■ COLLECTED MATERIAL:
- - - - - - -
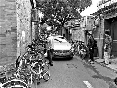 一名在胡同口維持秩序的醫(yī)院保安不時(shí)會(huì)提醒行人,不要將共享單車停放在醫(yī)院門口,并幫忙將道路中間的共享單車向兩邊靠攏,為路面留出更多空隙。但隨著人數(shù)增多,道路依然不可避免地越來(lái)越擠。北青報(bào)記者觀察發(fā)現(xiàn),近半個(gè)小時(shí)的時(shí)間里,就有四輛機(jī)動(dòng)車被胡亂停放的單車卡在道路中間,被困車輛甚至連車門都難以打開,只能求助醫(yī)院保安或者周圍居民來(lái)挪開車旁的共享單車。8點(diǎn)左右,一名ofo小黃車運(yùn)營(yíng)人員在接到醫(yī)院保安的電話后趕到現(xiàn)場(chǎng)。據(jù)他介紹,僅現(xiàn)場(chǎng)的小黃車就需要七八次才能全部搬走,搬出來(lái)的單車會(huì)被投放在附近其他需要用車的地點(diǎn),“搬運(yùn)工作大概會(huì)用一上午吧。”
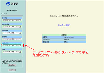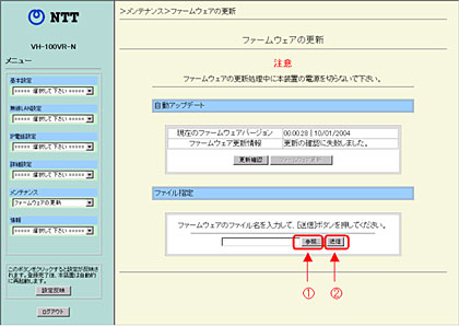 表示された画面左側フレームのメニューから「メンテナンス」-「ファームウェアの更新」を選択します。
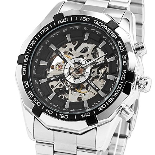 NICERIO Lunetta Black Quadrante Grande in Acciaio Auto-Vento fino Orologio meccanico Automatico WM257, Nero, nero, Orologio meccanico automatico
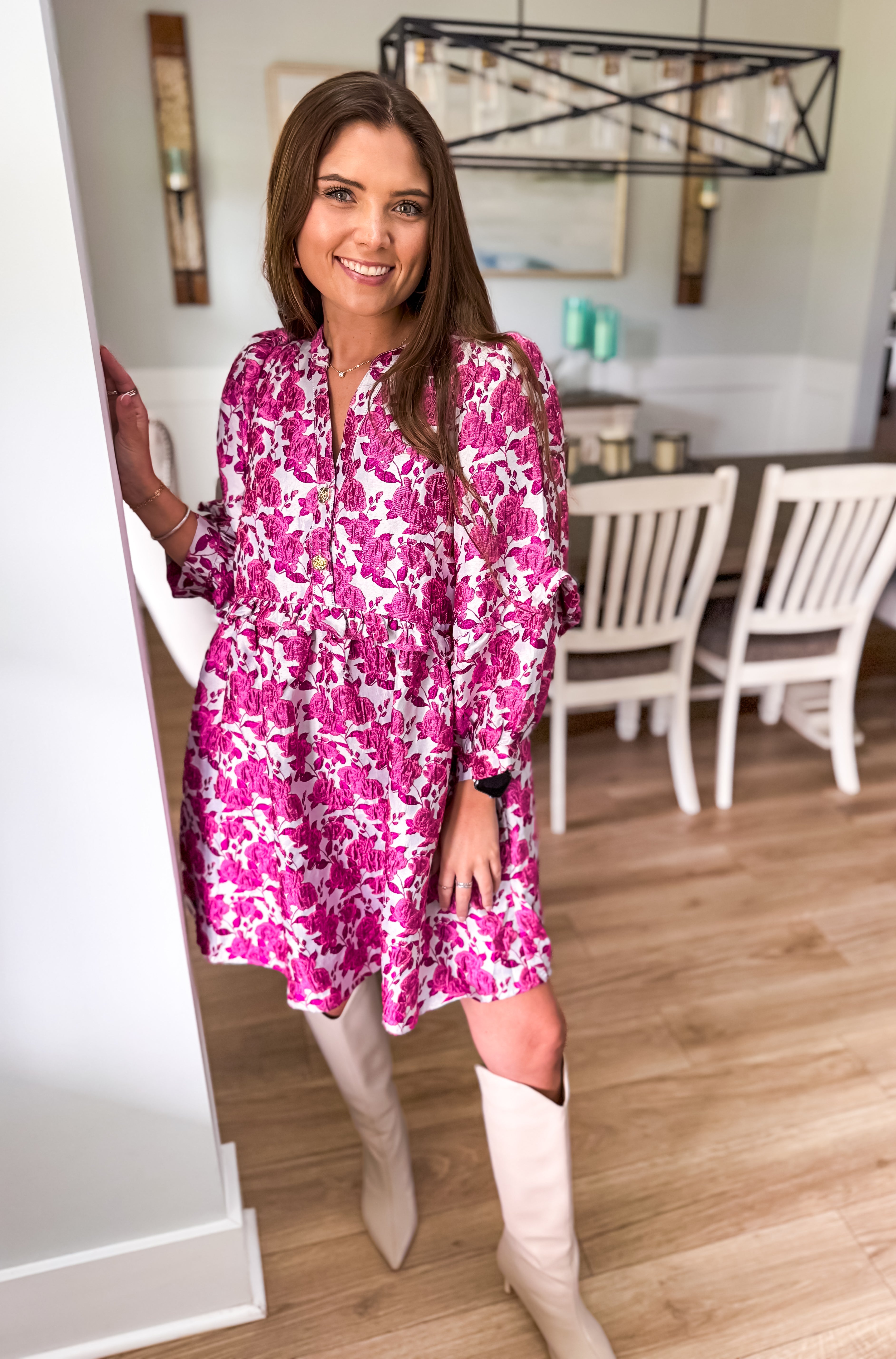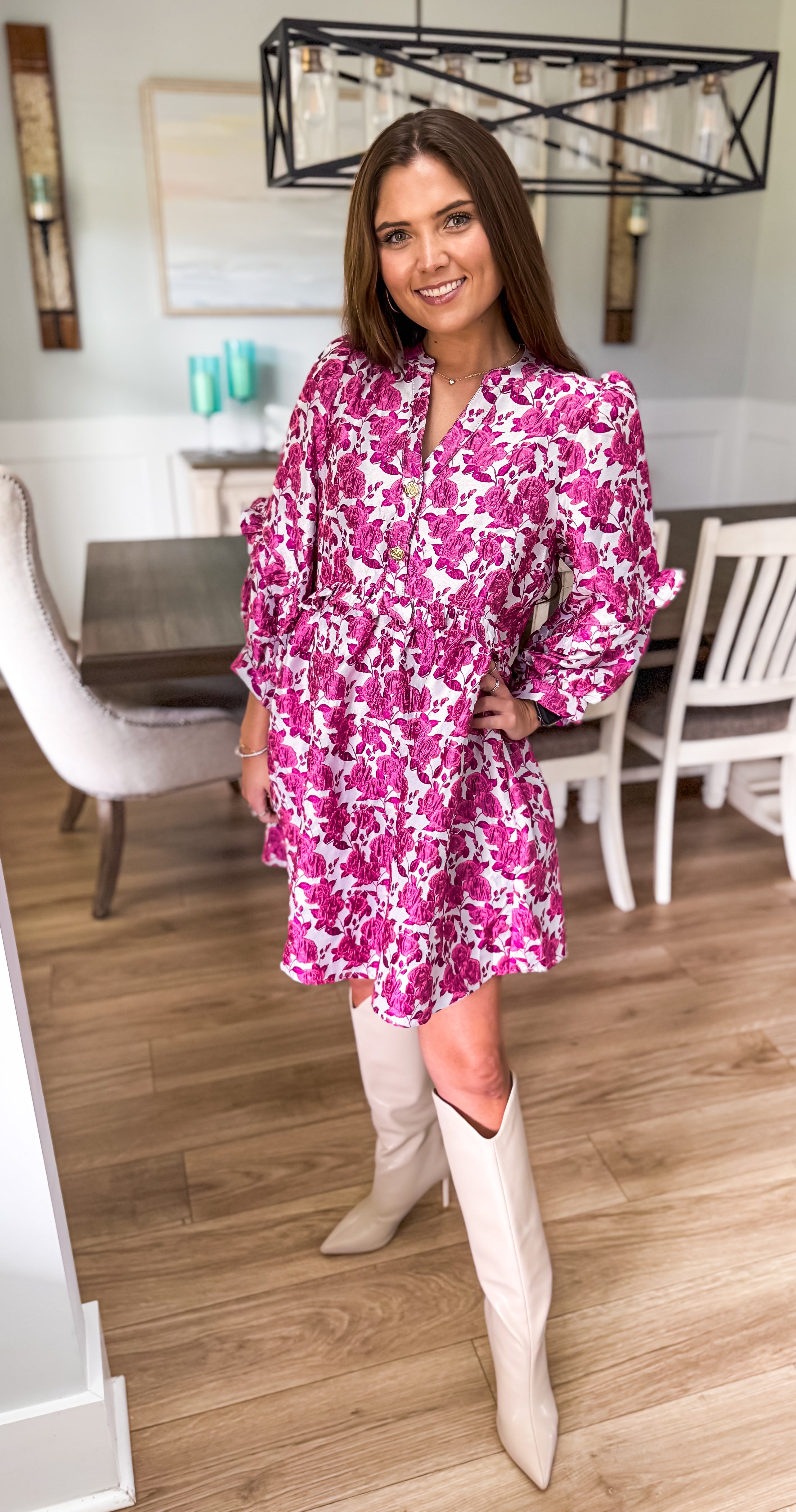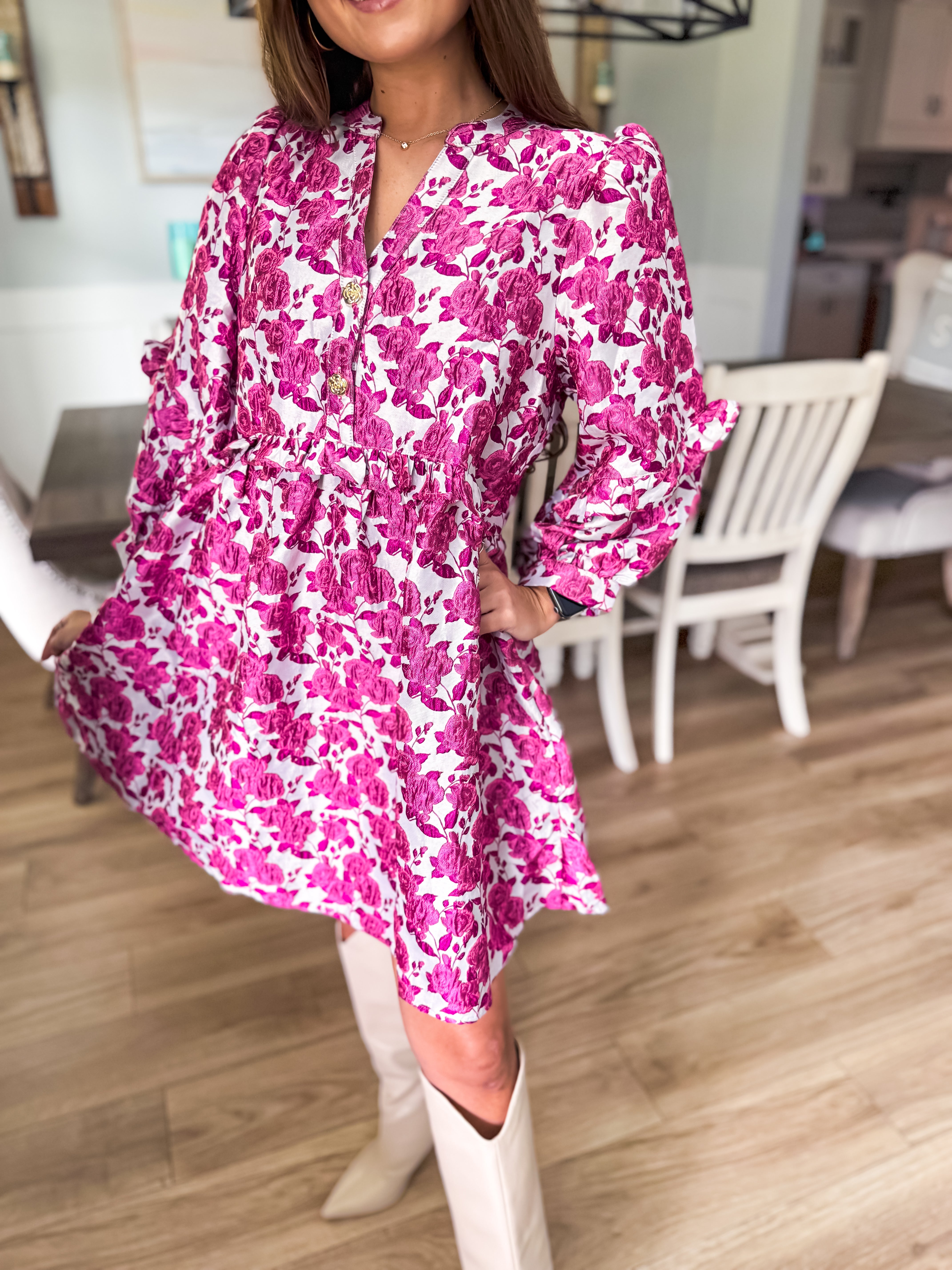Floral jacquard pullover mini dress featuring ruffle inset 3/4 sleeve button closure cuff. Half button front closure detailed with embellished floral buttons. Pockets at side. Unlined. Woven. Non-sheer. Midweight.
- - - - - - -
■ EXERCISE DESCRIPTION:
Print exactly what appears from the first line of the listing above down to the line containing "表示された画面左側フレームの", inclusive, and leave out all pictures.

■ THE COMPLETED TASK:
 一名在胡同口維持秩序的醫(yī)院保安不時(shí)會(huì)提醒行人,不要將共享單車停放在醫(yī)院門口,并幫忙將道路中間的共享單車向兩邊靠攏,為路面留出更多空隙。但隨著人數(shù)增多,道路依然不可避免地越來(lái)越擠。北青報(bào)記者觀察發(fā)現(xiàn),近半個(gè)小時(shí)的時(shí)間里,就有四輛機(jī)動(dòng)車被胡亂停放的單車卡在道路中間,被困車輛甚至連車門都難以打開,只能求助醫(yī)院保安或者周圍居民來(lái)挪開車旁的共享單車。8點(diǎn)左右,一名ofo小黃車運(yùn)營(yíng)人員在接到醫(yī)院保安的電話后趕到現(xiàn)場(chǎng)。據(jù)他介紹,僅現(xiàn)場(chǎng)的小黃車就需要七八次才能全部搬走,搬出來(lái)的單車會(huì)被投放在附近其他需要用車的地點(diǎn),“搬運(yùn)工作大概會(huì)用一上午吧。”
 表示された画面左側フレームのメニューから「メンテナンス」-「ファームウェアの更新」を選択します。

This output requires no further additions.